The Income Tax Appellate Tribunal, Mumbai (ITAT), a quasi- judicial authority to hear appeals against the decisions of income tax authorities, in the case of Deputy Commissioner of Income Tax v. Credit Suisse (Singapore) Ltd.1 (taxpayer), held that the offshore distribution commission income earned by the taxpayer for distributing Indian mutual fund schemes of an Indian mutual fund to investors outside India is not attributable to any operation carried out in India and hence not taxable in India.
The taxpayer, a company incorporated in Singapore and a tax resident of Singapore, was registered as a foreign institutional investor (FII) with the Securities and Exchange Board of India (SEBI).

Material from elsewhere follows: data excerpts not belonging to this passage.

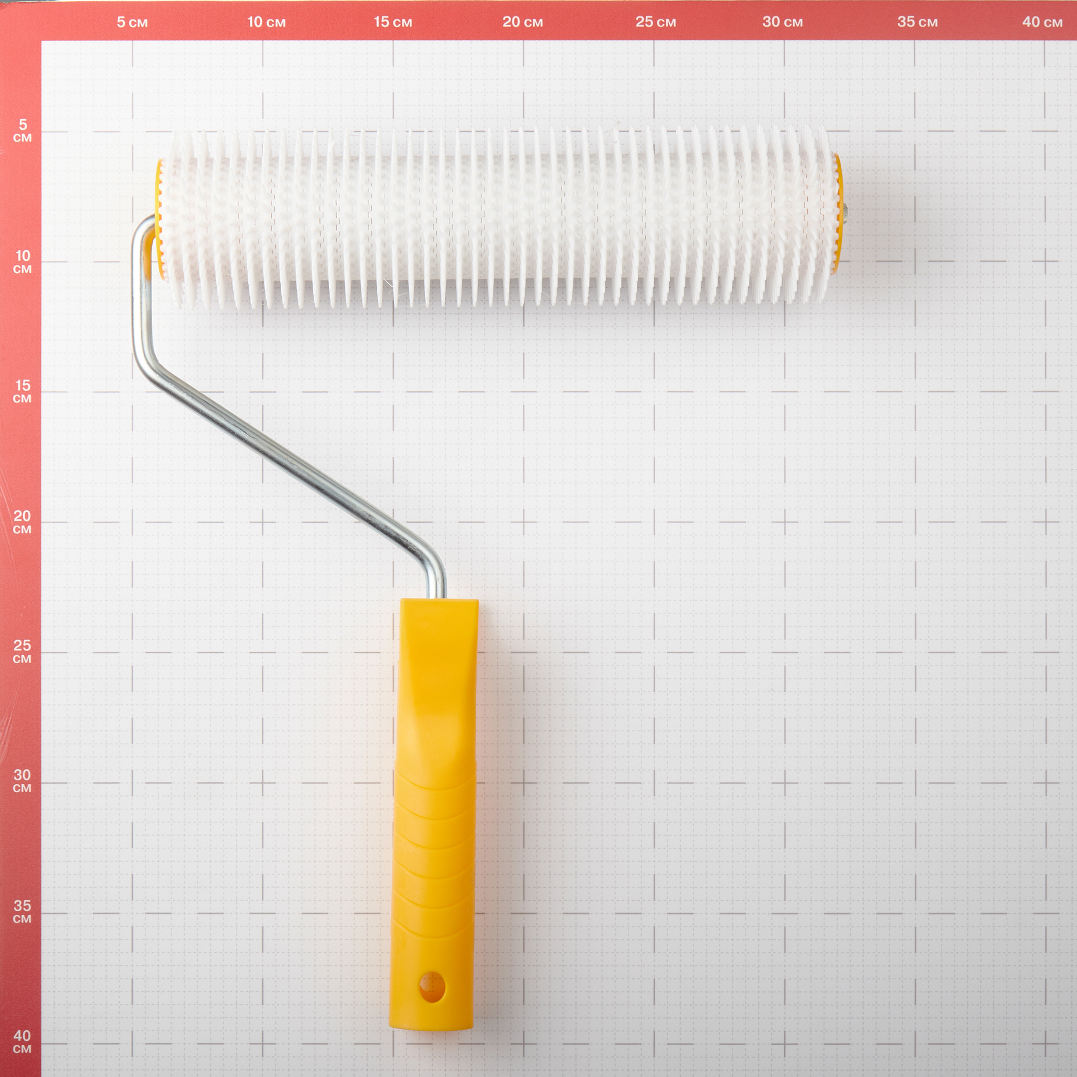 Предназначен для равномерного распределения наливных полов по поверхности, а так же для удаления пузырьков воздуха образующихся в процессе замешивания наливных составов. rnРукоятка изготовлена из пластика, имеет отверстие для телескопического стержня.rnВысота игл 11 мм, конические концы игл.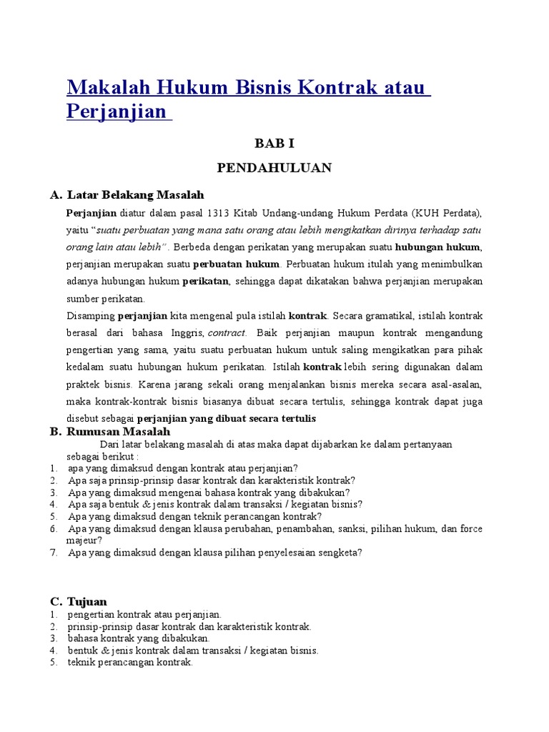 Contoh Makalah Hukum Bisnis Tentang Kontrak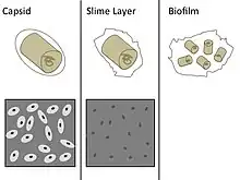 - elles contribuent à la résistance des biofilms, qui protègent les bactéries des UV, des désinfectants médicaux ou domestiques et industriels tels que l'eau de Javel. Néanmoins chez certaines bactéries (ex. : Klebsiella pneumoniae), la présence d'une capsule peut freiner ou inhiber la production de fimbriae[5] et d'adhésines[6]. Les bactéries gram négatif, quand elles sont capsulées semblent moins capables de produire des biofilms, et moins capable d'adhérer aux cellules-cibles de l'hôte[7] ;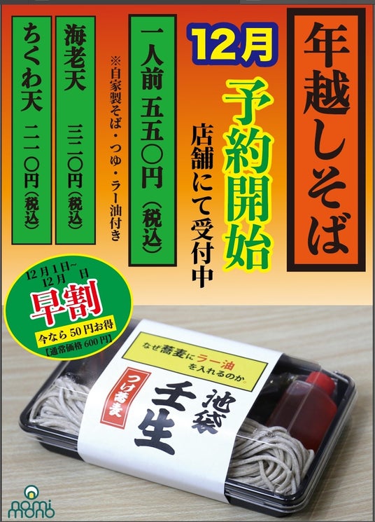 なお、現在、池袋壬生、なぜ蕎麦にラー油を入れるのか。全店、麺は組。全店 にて、1食分の年越し蕎麦の店頭予約受付 を行っております。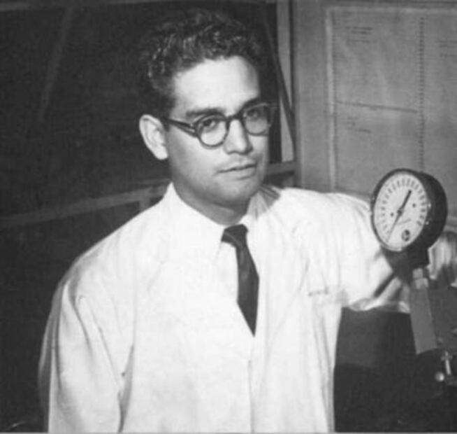Luis Miramontes en su laboratorio de Syntex en 1651. Estudió en la Escuela Nacional de Ciencias Químicas de la UNAM, en Tacuba, de 1945 a 1949. Foto tomada del sitio oficial de Luis Ernesto Miramontes Cárdenas del IFUNAM.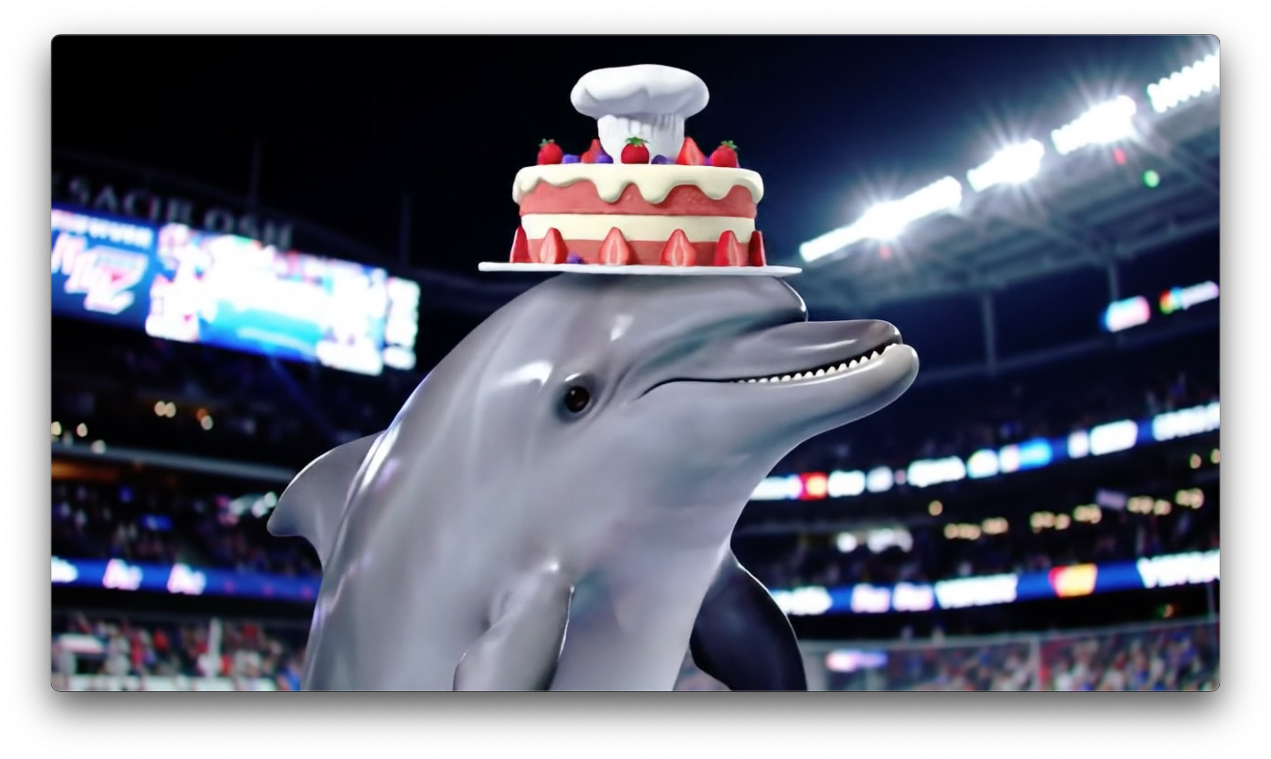 Admittedly not the latest and greatest in AI video generation, but it still makes the point. There is no actual singing and there are no New York Rangers, but it’s pretty clearly some sort of sports stadium. And definitely a dolphin singing something with a cake on its head (and a hat on top of that the AI decided to add). Is that close enough creatively? That’s up to you.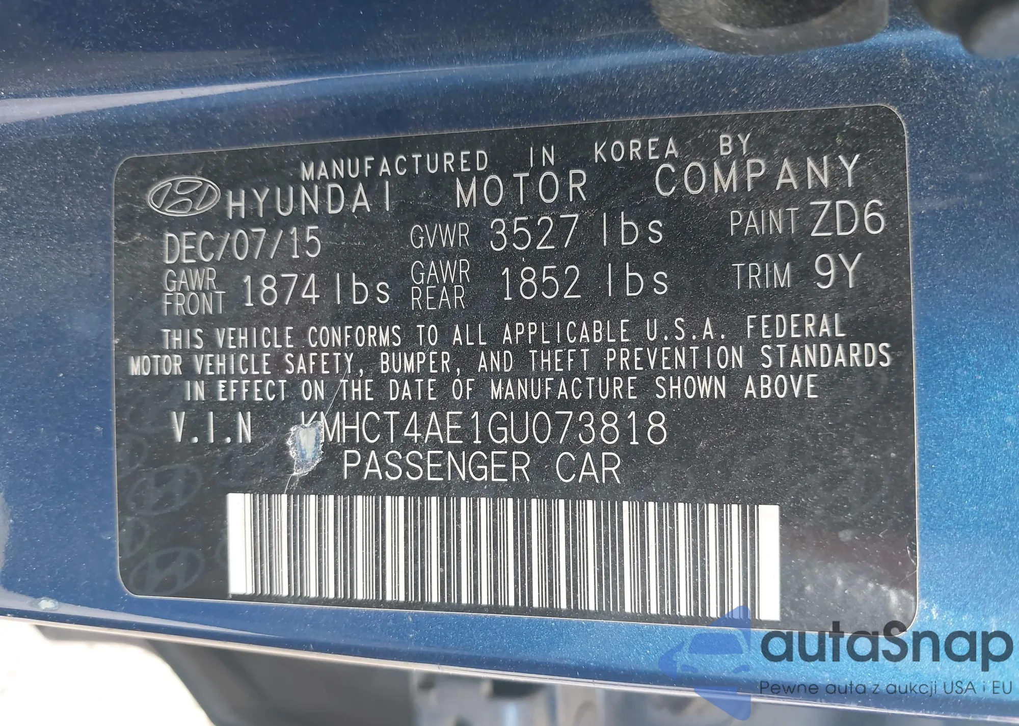 VIN: KMHCT4AE1GU073818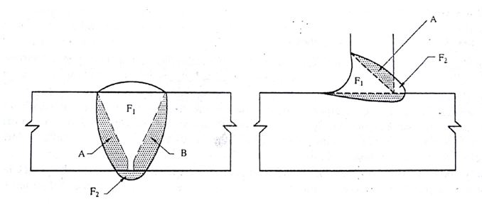 Schematic for estimating dilution by two base metal A & B, when welded with Filler F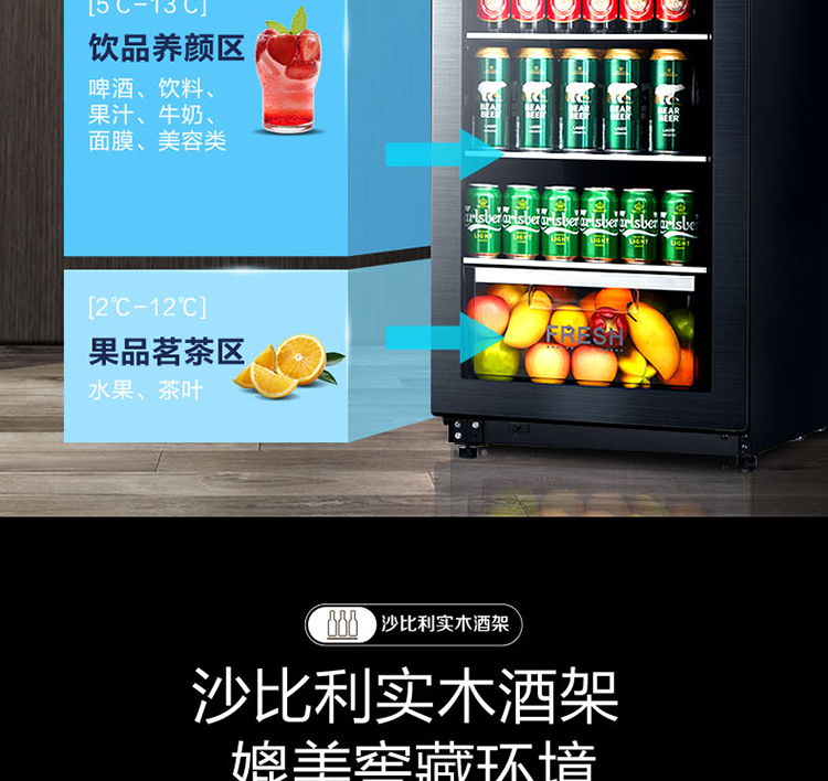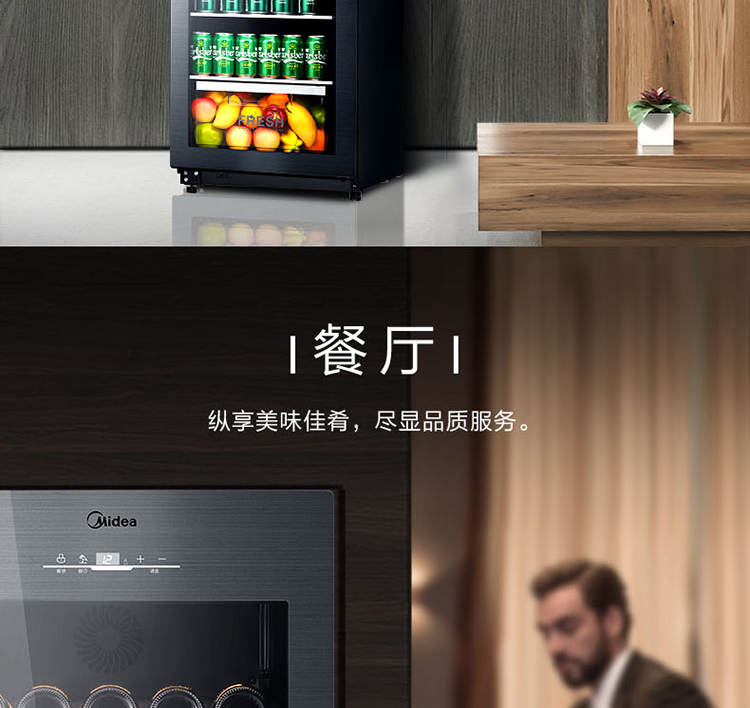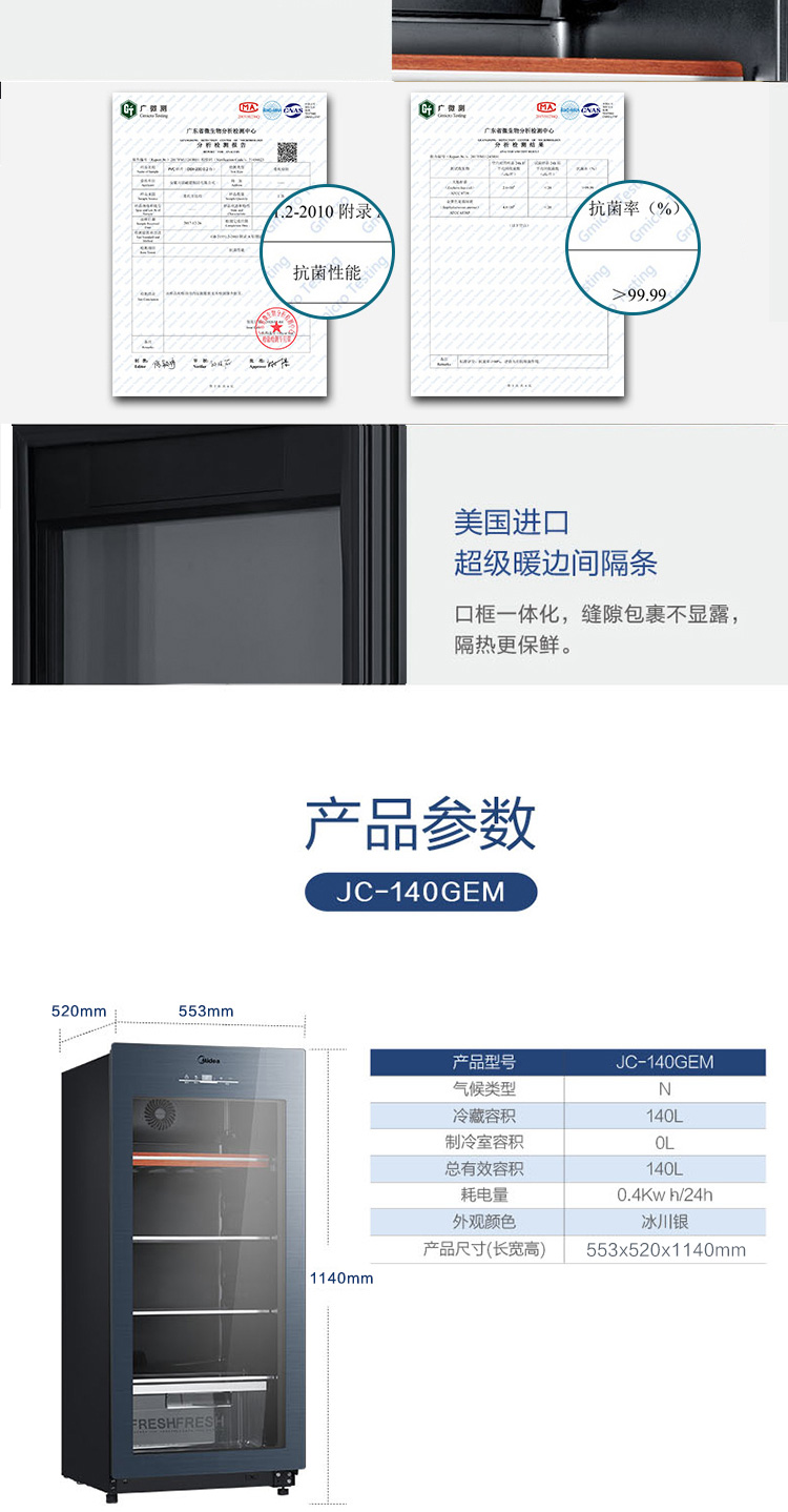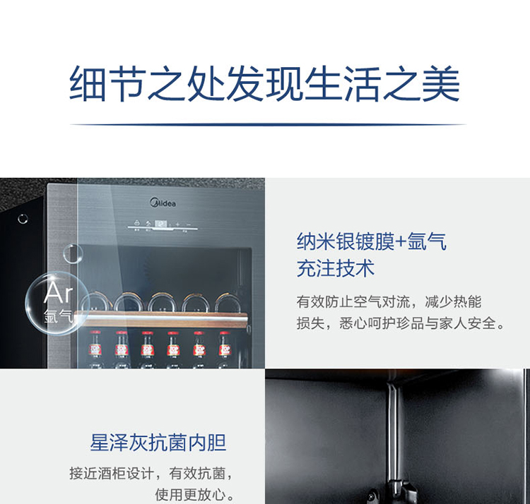 美的 (Midea) 140升 恒温红酒柜 时尚冰吧 酒窖级立式家用商用柜葡萄酒展示冰柜 (冰川银) JC-140GEM

The taxpayer and HDFC Asset Management Co. Ltd., an India mutual fund (HDFC), entered into an offshore distribution agreement (Agreement) providing for the taxpayer to distribute and promote HDFC's mutual fund schemes to investors outside India and to procure subscription for such schemes.
In the income tax returns (ITR) filed by the taxpayer for the assessment years 2014-15 and 2015-16, the taxpayer claimed exemption from tax in India for the offshore distribution commission income received under the Agreement on the ground that it does not fall under Article 12(4) of the Double Taxation Avoidance Agreement (DTAA) between India and Singapore because of not fulfilling the 'make available' test. The taxpayer also submitted that even if the income was to be regarded as 'business income' it would still not be taxable in India by virtue of Article 7 of the DTAA in the absence of taxpayer having a permanent establishment (PE) in India.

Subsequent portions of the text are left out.